Server runs on http://localhost:7777


📖 Usage Examples

Basic OCR

import requests
import base64

# Read and encode image
with open("document.jpg", "rb") as f:
    image_b64 = base64.b64encode(f.read()).decode()

# OCR request
response = requests.post(
    "http://localhost:7777/v1/chat/completions",
    json={
        "model": "paddleocr-vl",
        "messages": [{
            "role": "user",
            "content": [
                {"type": "text", "text": "Extract all text from this image"},
                {
                    "type": "image_url",
                    "image_url": {
                        "url": f"data:image/jpeg;base64,{image_b64}"
                    }
                }
            ]
        }],
        "max_tokens": 2048
    }
)

print(response.json()["choices"][0]["message"]["content"])

Streaming Response

import json

response = requests.post(
    "http://localhost:7777/v1/chat/completions",
    json={
        "model": "paddleocr-vl",
        "messages": [...],  # same as above
        "stream": True
    },
    stream=True
)

for line in response.iter_lines():
    if line:
        line = line.decode('utf-8')
        if line.startswith('data: '):
            data = line[6:]
            if data != '[DONE]':
                chunk = json.loads(data)
                content = chunk["choices"][0]["delta"].get("content", "")
                print(content, end='', flush=True)

cURL Example

curl -X POST http://localhost:7777/v1/chat/completions \
  -H "Content-Type: application/json" \
  -d '{
    "model": "paddleocr-vl",
    "messages": [{
      "role": "user",
      "content": [
        {"type": "text", "text": "Read this document"},
        {
          "type": "image_url",
          "image_url": {"url": "data:image/jpeg;base64,{image_b64}"}
        }
      ]
    }]
  }'

🎯 Use Cases

  • 📄 Document Digitization - Convert scanned documents to text
  • 🧾 Invoice Processing - Extract invoice information automatically
  • 📋 Form Recognition - Parse structured forms and tables
  • 🔍 ID Card Reading - Extract text from ID cards and certificates
  • 📚 Book Scanning - Digitize printed books and articles
  • 📝 Handwriting OCR - Recognize handwritten text (limited accuracy)

⚠️ Important Notes

Security Warning

🔴 This server has NO authentication by default!

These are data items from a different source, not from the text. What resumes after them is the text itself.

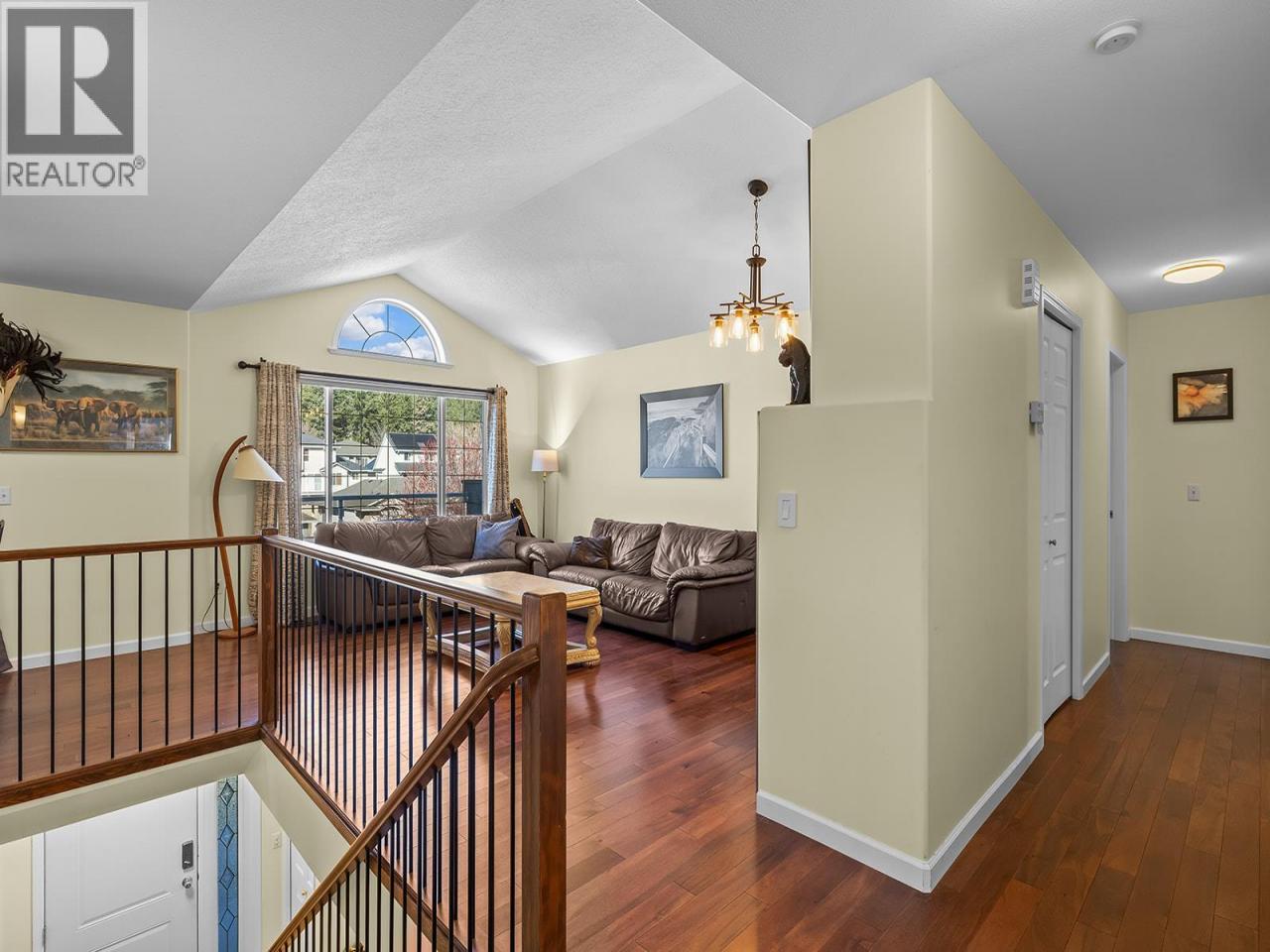 Tucked away at the end of Rio Drive South in a quiet cul-de-sac, this beautifully situated home backs directly onto parkland with access to scenic nature trails and Knox Mountain Park. Offering a bright and open-concept layout, this property features 3 bedrooms plus a den (easily a 4th bedroom), with vaulted ceilings and an abundance of natural light throughout. The main living area is warm and inviting with a cozy gas fireplace, while the kitchen is designed for both function and entertaining, complete with an island and eating bar. The spacious primary bedroom includes charming garden doors leading to the expansive front deck, perfect for enjoying your morning coffee or evening sunsets. The lower level offers a comfortable family room and a generously sized office space, ideal for working from home. Step outside to a low-maintenance yard that seamlessly connects to nearby hiking and biking trails. Additional highlights include a double car garage, ample extra parking with room for an RV, and a sought-after Glenmore location close to schools, shopping, dining, and everyday amenities. A perfect blend of comfort, convenience, and outdoor lifestyle! (id:6769)
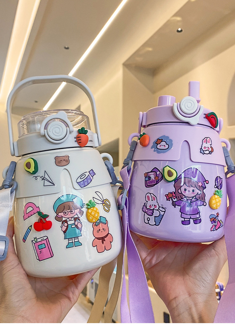 316L 대용량 보온병 컵 학생 귀여운 창조적 인 큰 배꼽 컵 인터넷 연예인 물 컵 더블 음료 어린이 컵 재고스토어 가기
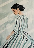 Dit schilderij toont een elegante vrouw in een lichtblauw-wit gestreepte jurk. De jurk, met een vloeiende pasvorm en delicate lijnen, benadrukt de vrouwelijke gratie en eenvoud. Het zachte kleurenschema en de gedetailleerde penseelstreken brengen een tijdloze charme naar voren, terwijl de subtiele lichtreflecties die over de stof…
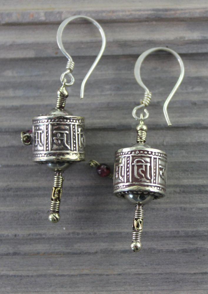 These stunning earrings are handmade in Kathamndu Nepal, the tiny wheels really spin and are filled with a tiny Om Mani scroll.
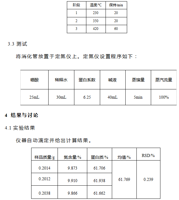 稱取樣品0.2g(精確值0.1mg)左右,加入消化管。加入混合催化劑3g硫酸鉀、0.2g硫酸銅,加入10ml濃硫酸。
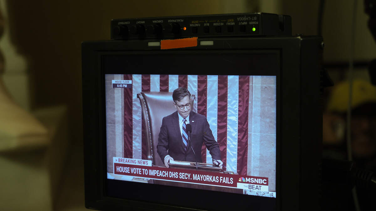 U.S. Speaker of the House Mike Johnson (R-LA) is seen on a television screen outside of the House Chamber as the House of Representatives holds a vote to impeach Homeland Security Secretary Alejandro Mayorkas at the U.S. Capitol on February 06, 2024 in Washington, DC. Photo: Kevin Dietsch / Getty Images News / Getty Images
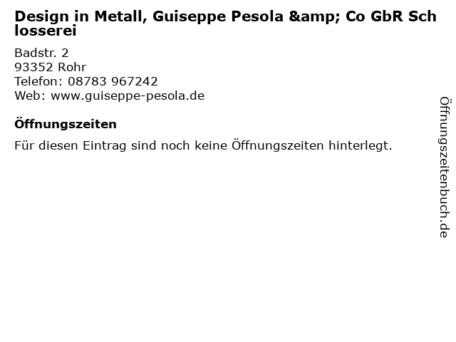 | Design in Metall, Guiseppe Pesola & Co GbR Schlosserei anrufen | |
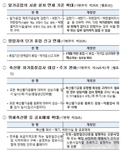 주요 내용은 ①알가공업 시설기준 완화, ②영업자의 단기 휴업신고 면제, ③축산물가공품 자가품질검사 대상·주기 완화, ④위해 축산물 등 공표 매체 확대 등이다.
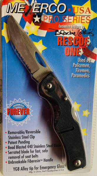 Das Einhandmesser Back Look Meyerco BLACKIE COLLINS Rescue One ist neu und befindet sich in einem einwandfreien Zustand. Es verfügt über eine arretierbare 8 cm lange Klinge und hat insgesamt eine Länge von 20 cm. Ein elegant gestaltetes Rettungsmesser mit einem Glasbrecher am Ende des Griffs, das außergewöhnlich leicht ist (100 g), einer abgeflachten Spitze (Schraubendreher) und einer gezackten Klinge zum mühelosen Durchtrennen von Gurten, neu.
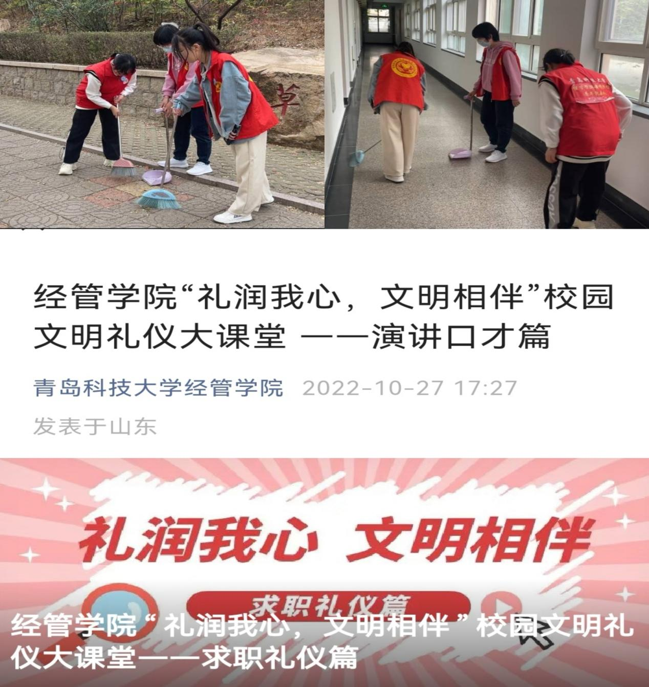 为落实党的教育方针,扎实推进学风教育,培养和提高同学们的口语表达能力,加强同学们的文明礼仪意识,响应校园文化月活动要求,共创文明和谐校园,经管学院学生会于学院公众号推送“校园文明礼仪大课堂”系列文章,从求职礼仪、演讲口才等方面引导同学们保持良好的礼仪习惯,践礼仪之行,争做时代先锋青年。
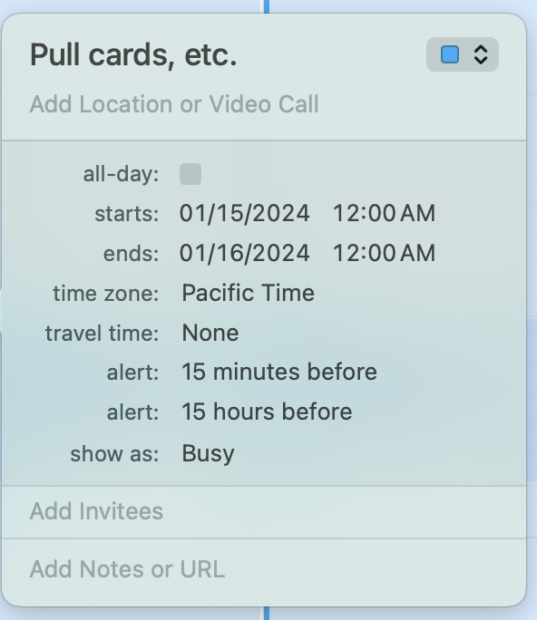 I'm not sure how I did it, but I created a recurring event that was only supposed to occur monthly. It's showing on my calendar as an all-day, every day 'busy' event, and when I try to delete it, I can only do that one day at a time. The 'delete all future events' function doesn't display. This thing seems to be on my calendar into perpetuity.
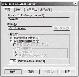 教師將在一臺(tái)裝有攝像頭、麥克風(fēng)的局域網(wǎng)終端(教師機(jī))上安排會(huì)議并進(jìn)行授課。會(huì)議的安排和召開必須利用Outlook中的日程安排功能。第一次運(yùn)行Outlook時(shí)將出現(xiàn)設(shè)置向?qū)Т翱,選擇“用于企業(yè)工作組”,選用“Exchange Server”服務(wù),在Exchange服務(wù)器名中填入服務(wù)器的計(jì)算機(jī)名“65yzfwq”,郵箱則必須填“Administrator”,輸入相應(yīng)密碼(如圖2所示)。
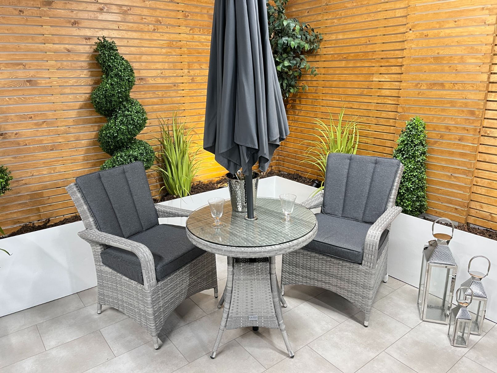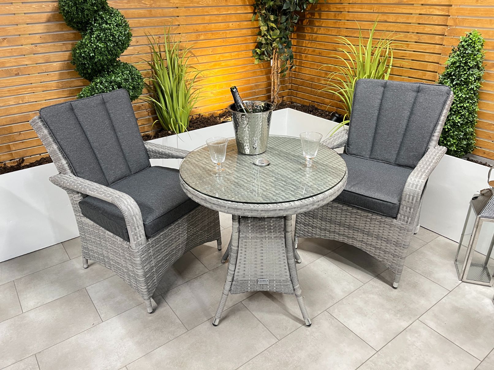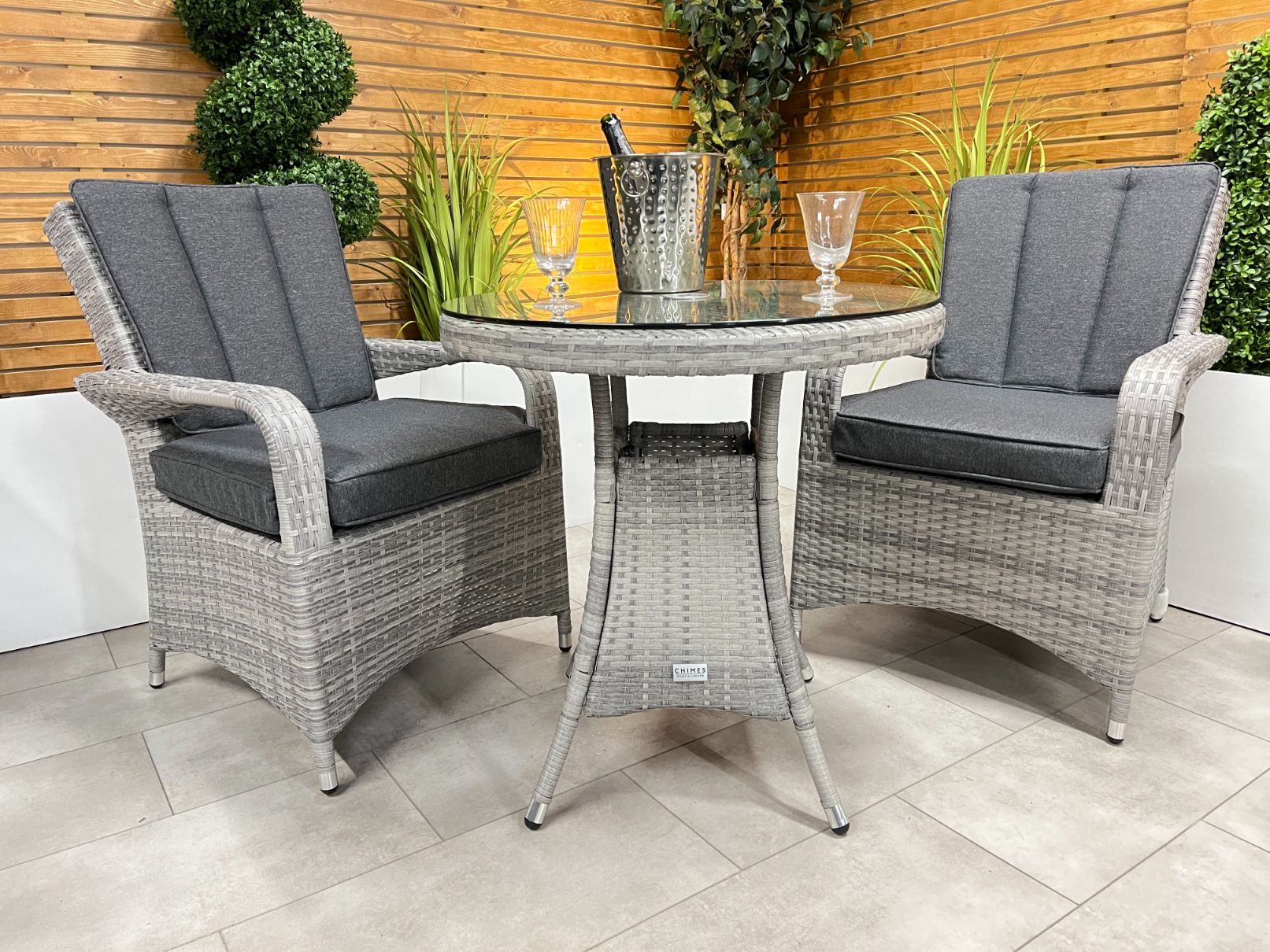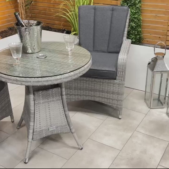 In stock & ready for deliveryThe Chimes - Stone Grey Verona 2 Seat Bistro Set is a beautiful 2 Seater set with a 75cm table with parasol hole and is perfect for a small areas such as balcony or area in your garden.
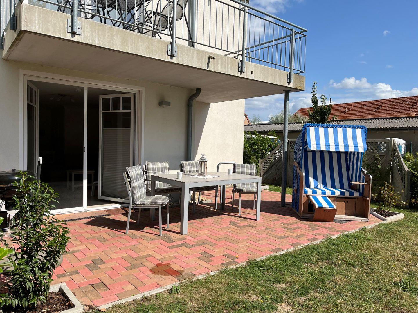 Die voll ausgestattete Küche mit Esstisch macht gemeinsame Mahlzeiten zum Vergnügen – vom Frühstück bis zum entspannten Abendessen. Vom Wohnbereich aus gelangen Sie direkt auf die sonnige Terrasse, wo Gartenmöbel und ein eigener Strandkorb auf Sie warten – perfekt für ruhige Stunden im Freien und lange Sommerabende.
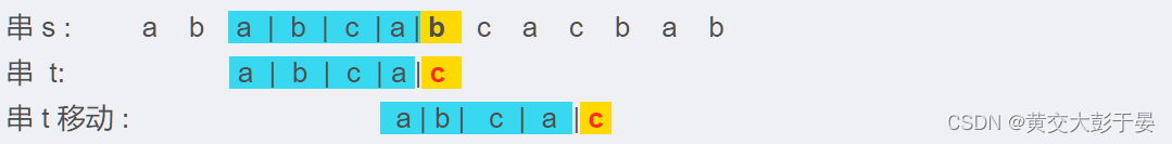 当串 s 和 串 t 元素进行比较时 , 当一个字符不匹配的时候 , 我们必然要让 串 t 开头 往后移动
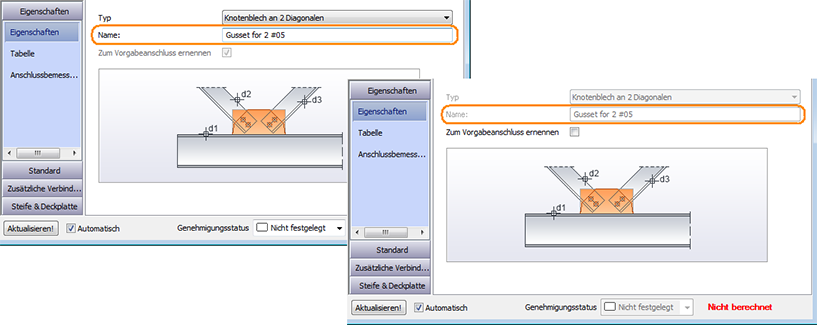 Wenn Sie die Anschlüsse trennen, wird der abhängige Anschluss erstellt, ist aber faktisch unabhängig. Wenn Sie die Anschlüsse nicht trennen, wird der abhängige Anschluss erstellt. Er wird aber markiert, da der Anschluss sich vom Master-Anschluss unterscheidet.

Do NOT expose directly to the internet!

For production deployment:

  • ✅ Use reverse proxy (Nginx/Caddy) with HTTPS
  • ✅ Add API key authentication
  • ✅ Configure firewall rules
  • ✅ Enable rate limiting
  • ✅ Set up monitoring

Limitations

  • ❌ CPU-only (no GPU acceleration in this version)
  • ❌ Single request processing (no parallel requests)
  • ❌ No built-in authentication
  • ❌ Model files (~2GB) not included in repository

🛠️ Troubleshooting

Model Download Failed

# Manual download
mkdir -p models && cd models
git lfs install
git clone https://www.modelscope.cn/PaddlePaddle/PaddleOCR-VL.git PaddleOCR-VL-0.9B

Out of Memory

  • Reduce image size
  • Lower max_tokens
  • Restart service: ./quick_start.sh restart

Service Won't Start

# Check port usage
lsof -i :7777

# View logs
./quick_start.sh attach

📁 Project Structure

paddleocr-vl-cpu/
├── paddleocr_api.py           # Main API server
├── requirements_frozen.txt    # Locked dependencies
├── quick_init_setup.sh        # Setup script
├── quick_start.sh             # Service management
├── python_version.txt         # Python version lock
└── models/                    # Model files (gitignored)

🙏 Acknowledgments

  • PaddleOCR Team - For the excellent PaddleOCR-VL model
  • @hjdhnx - For inspiration from this discussion
  • FastAPI - Modern web framework
  • Transformers - Hugging Face's ML library

📄 License

MIT License - see LICENSE file for details.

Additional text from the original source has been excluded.